This is the first in a three-part series on the booming labour market in the US
When Covid-19 hit Georgia in March 2020, the Atlanta Breakfast Club closed its doors to in-person dining for weeks on end. Since it reopened, diners have flocked back for hefty servings of their famous chicken and waffles. On weekends, the brunch spot is now so busy that it boasts four-hour waiting times for a table.
Owners Osiris Ballard and chef Anthony Sanders have since expanded beyond the original location. In September 2020, they launched a counter-service offshoot and last year they resurrected a shuttered neighbourhood staple owned by another restaurateur.
The biggest hurdle they face is no longer finding customers but the staff to make and serve the food. The grand opening of another branch of the restaurant, scheduled for this summer, will add more pressure to the hunt for chefs, general managers and other staff at a time of fierce competition for workers in one of the tightest labour markets in the US.

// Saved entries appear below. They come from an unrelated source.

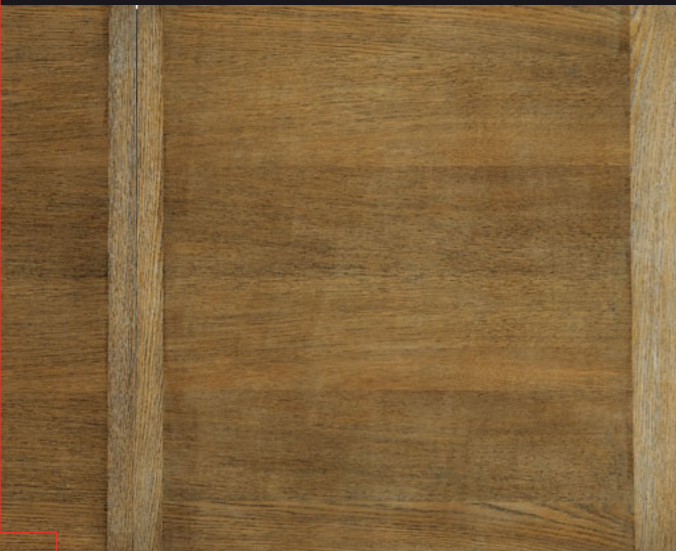
Piano Silver french (06) - French silver top (06)
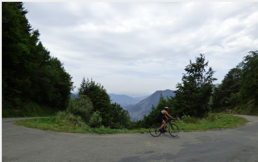
Vélo de route - Col de Parquetout - Matheysine - Alpes Isère (Louise De Guyon)
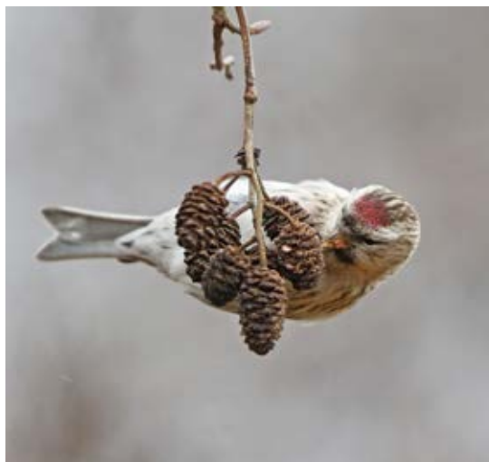
Gråsiskan, den talrigest ringmærkede art i 2018. Nivå, 21. januar 2018.

Genfund eller aflæsninger af ringmærkede fugle bør indsendes via www.fuglering.dk .

Georgia is emblematic of the wider US jobs market, which has roared back to life after one of the sharpest contractions in history thanks to unprecedented fiscal and monetary support for businesses and individuals since the start of the pandemic. An additional $1.9tn of stimulus injected into the economy in early 2021 by President Joe Biden’s administration supercharged that growth.
As of the end of April, almost 95 per cent of the 22mn US jobs that were lost due to the pandemic have been recouped. US employers posted a record 11.5mn job openings in March. But with fewer Americans willing to fill those positions, and a labour force that is still shy of its pre-pandemic size, the result is what Sanders calls “a worker’s market”.
Employers in every state and industry are competing fiercely for talent, offering hefty pay increases, improved benefits or more flexible working arrangements to attract prospective employees and keep those already on the payroll. In March, 4.5mn Americans either quit or changed positions.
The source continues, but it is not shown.